Task brief: Scan the listing below for lines with the word "городского". Report how many there are, as a number alone.

────────

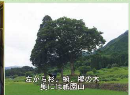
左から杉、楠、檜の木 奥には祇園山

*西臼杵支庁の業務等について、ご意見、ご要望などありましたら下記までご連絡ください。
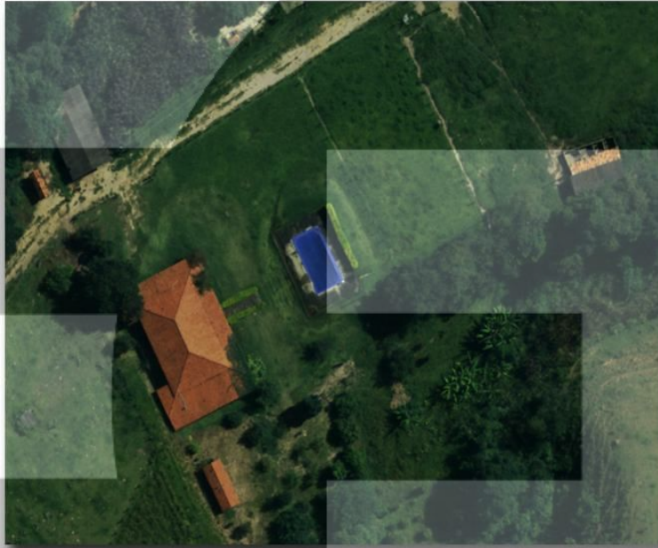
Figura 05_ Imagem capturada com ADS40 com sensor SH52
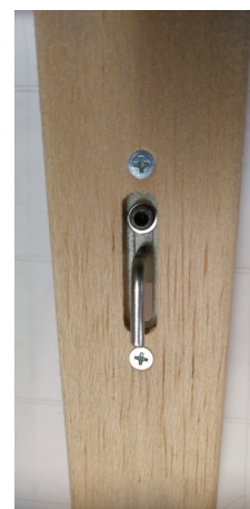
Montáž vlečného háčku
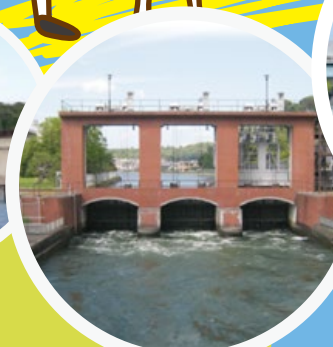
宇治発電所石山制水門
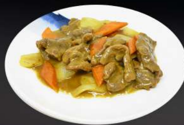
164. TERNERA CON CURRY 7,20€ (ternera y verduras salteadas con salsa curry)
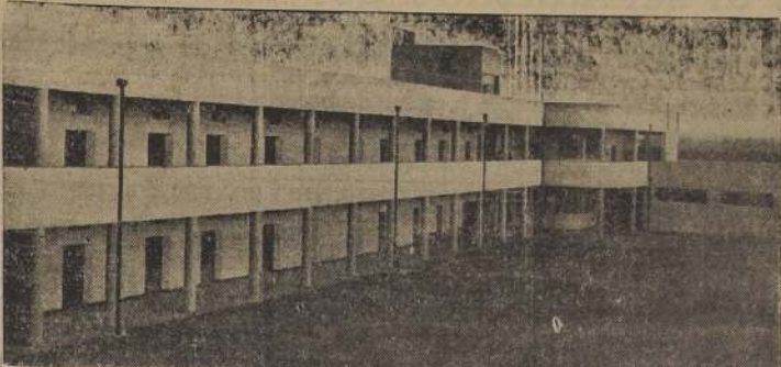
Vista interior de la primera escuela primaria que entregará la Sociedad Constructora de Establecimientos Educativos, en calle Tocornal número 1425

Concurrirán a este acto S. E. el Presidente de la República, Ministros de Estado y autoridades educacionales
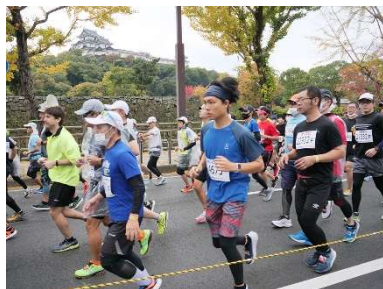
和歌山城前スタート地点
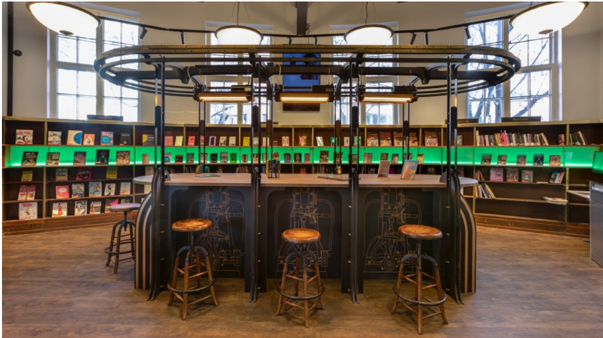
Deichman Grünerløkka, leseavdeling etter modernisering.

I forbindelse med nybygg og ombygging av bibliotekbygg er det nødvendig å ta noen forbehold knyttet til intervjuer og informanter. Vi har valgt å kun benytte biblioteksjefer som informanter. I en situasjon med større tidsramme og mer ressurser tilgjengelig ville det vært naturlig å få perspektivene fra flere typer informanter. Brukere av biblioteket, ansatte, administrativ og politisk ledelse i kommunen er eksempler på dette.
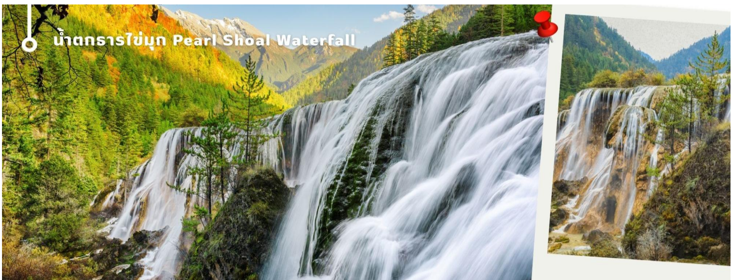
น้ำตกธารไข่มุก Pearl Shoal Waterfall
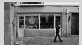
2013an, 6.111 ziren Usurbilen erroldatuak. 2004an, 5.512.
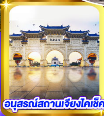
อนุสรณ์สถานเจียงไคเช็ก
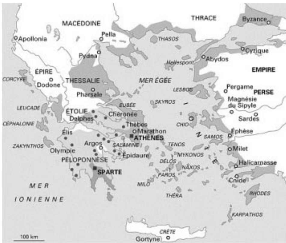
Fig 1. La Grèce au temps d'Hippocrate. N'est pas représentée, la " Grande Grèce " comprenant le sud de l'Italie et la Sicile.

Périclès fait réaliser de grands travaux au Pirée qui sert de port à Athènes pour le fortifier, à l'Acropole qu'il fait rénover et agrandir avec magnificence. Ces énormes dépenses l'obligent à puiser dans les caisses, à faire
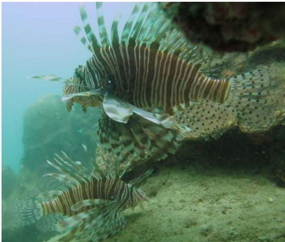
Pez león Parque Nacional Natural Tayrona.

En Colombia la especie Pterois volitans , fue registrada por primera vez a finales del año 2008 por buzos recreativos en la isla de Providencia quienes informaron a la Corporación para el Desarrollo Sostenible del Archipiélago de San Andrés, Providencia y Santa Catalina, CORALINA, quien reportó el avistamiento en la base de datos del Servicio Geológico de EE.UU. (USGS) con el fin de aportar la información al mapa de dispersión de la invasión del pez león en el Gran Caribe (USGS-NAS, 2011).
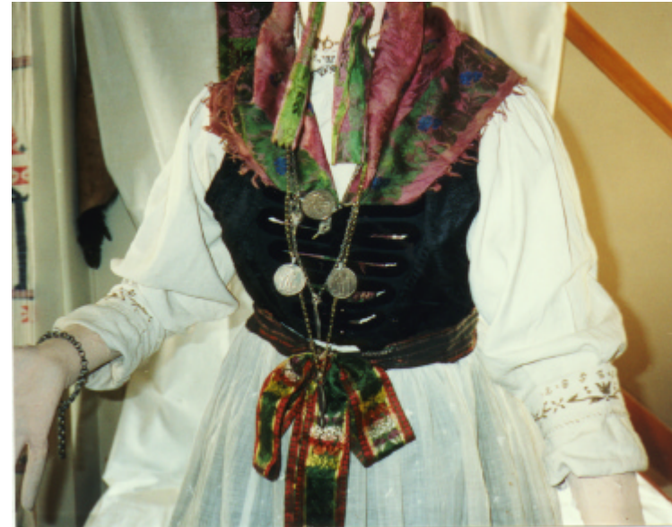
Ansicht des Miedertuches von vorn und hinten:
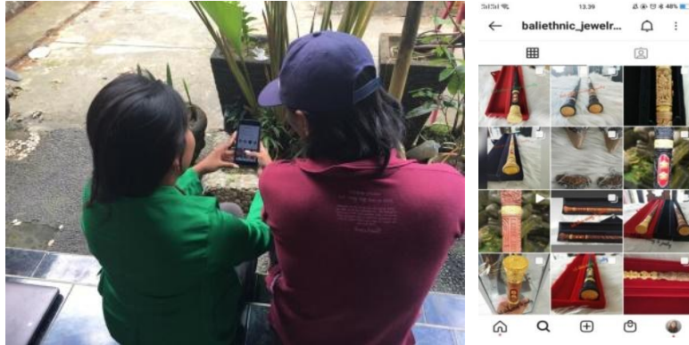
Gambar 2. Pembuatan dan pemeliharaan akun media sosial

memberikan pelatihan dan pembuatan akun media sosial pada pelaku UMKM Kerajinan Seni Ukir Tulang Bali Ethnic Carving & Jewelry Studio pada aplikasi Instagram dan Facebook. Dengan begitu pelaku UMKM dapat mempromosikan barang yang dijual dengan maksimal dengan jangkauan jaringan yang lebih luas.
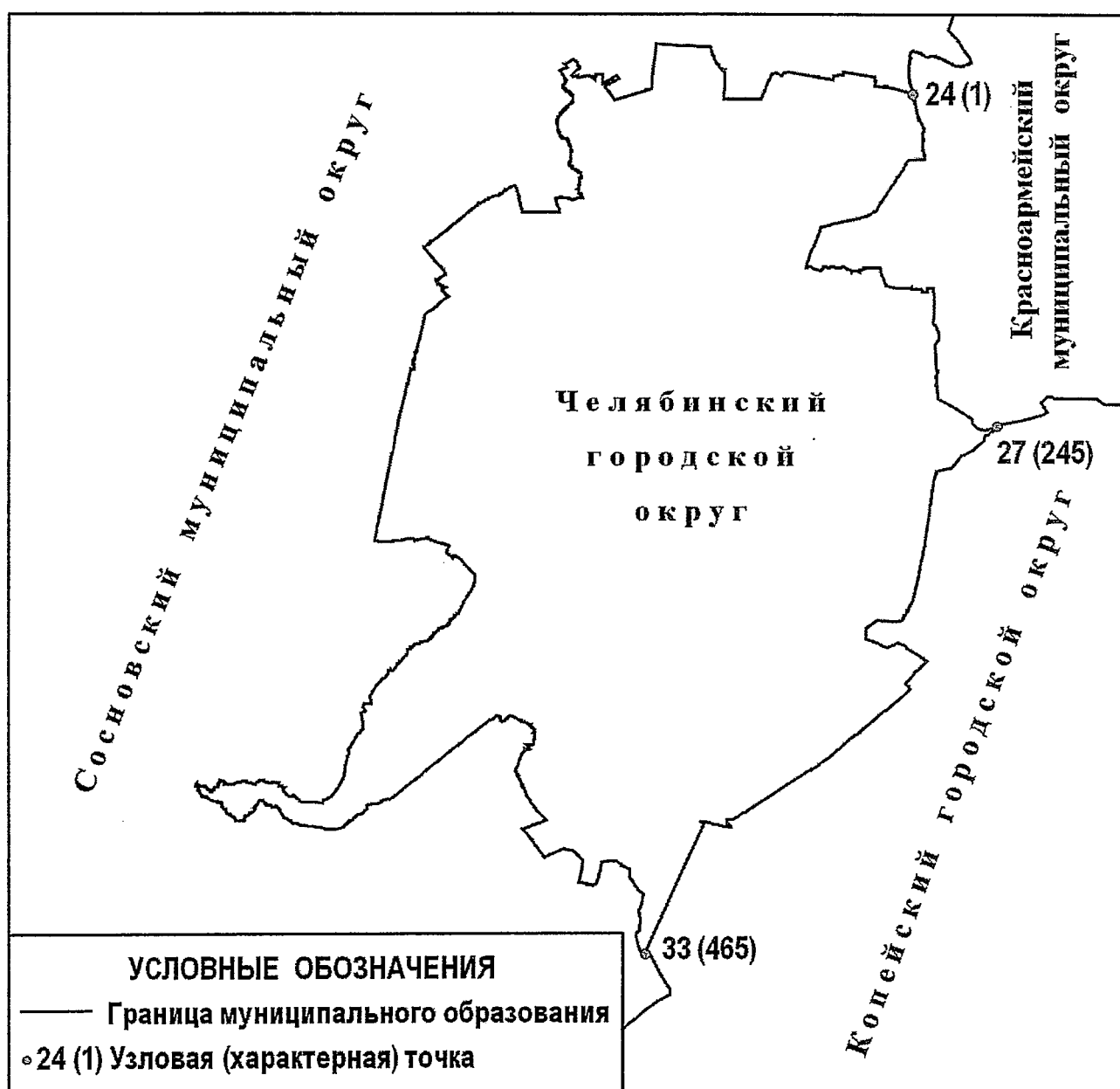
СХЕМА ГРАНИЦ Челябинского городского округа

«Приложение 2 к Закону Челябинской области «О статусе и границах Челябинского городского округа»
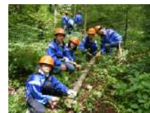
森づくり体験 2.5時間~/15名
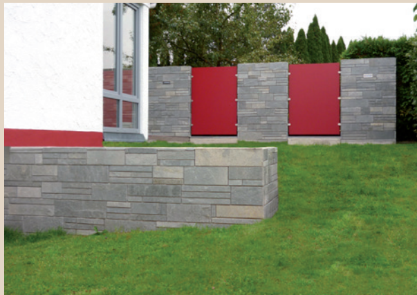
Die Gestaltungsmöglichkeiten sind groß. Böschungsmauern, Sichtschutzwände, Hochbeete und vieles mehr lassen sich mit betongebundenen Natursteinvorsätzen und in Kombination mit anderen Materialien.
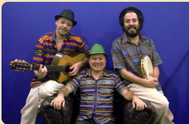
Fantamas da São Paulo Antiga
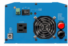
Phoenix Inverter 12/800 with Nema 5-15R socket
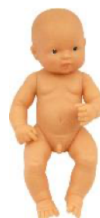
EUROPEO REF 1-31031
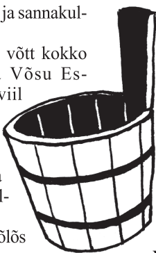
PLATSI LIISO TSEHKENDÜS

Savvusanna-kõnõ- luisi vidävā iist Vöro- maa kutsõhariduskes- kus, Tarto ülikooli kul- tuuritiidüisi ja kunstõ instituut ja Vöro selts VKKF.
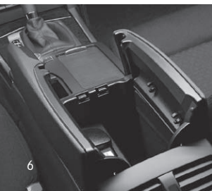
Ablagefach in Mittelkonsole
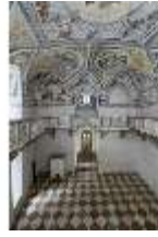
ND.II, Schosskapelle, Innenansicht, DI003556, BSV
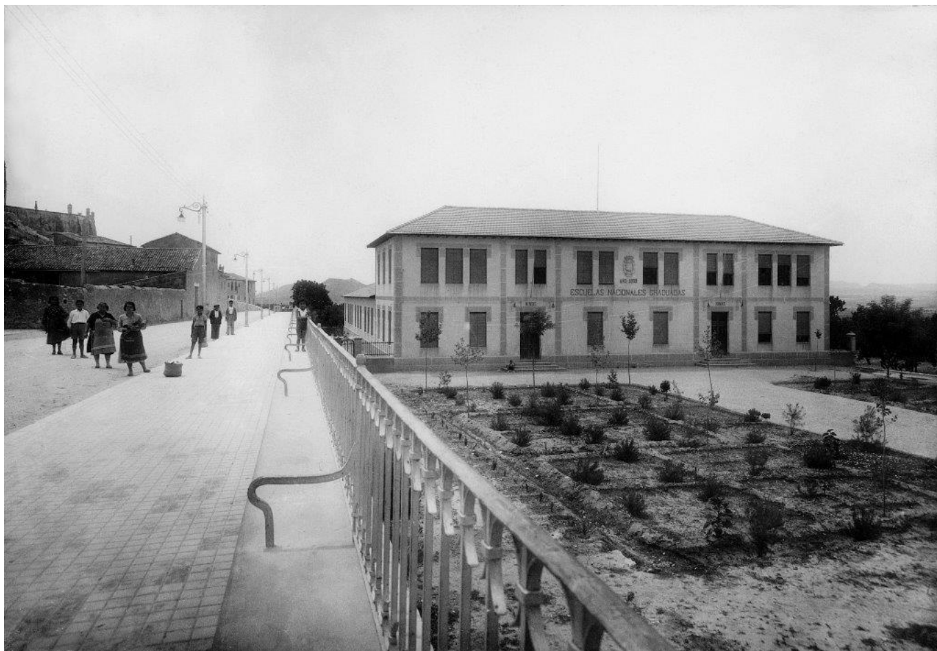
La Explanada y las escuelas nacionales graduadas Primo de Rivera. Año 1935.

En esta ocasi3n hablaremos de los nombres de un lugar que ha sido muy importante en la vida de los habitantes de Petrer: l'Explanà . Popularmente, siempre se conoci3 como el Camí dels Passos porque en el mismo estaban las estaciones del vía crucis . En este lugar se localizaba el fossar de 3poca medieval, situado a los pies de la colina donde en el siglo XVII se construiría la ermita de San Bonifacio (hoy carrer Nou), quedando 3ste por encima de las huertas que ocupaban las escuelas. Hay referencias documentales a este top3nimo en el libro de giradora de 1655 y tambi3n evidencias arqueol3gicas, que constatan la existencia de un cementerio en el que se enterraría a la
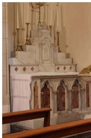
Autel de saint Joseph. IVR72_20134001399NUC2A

────────

Task solution: 2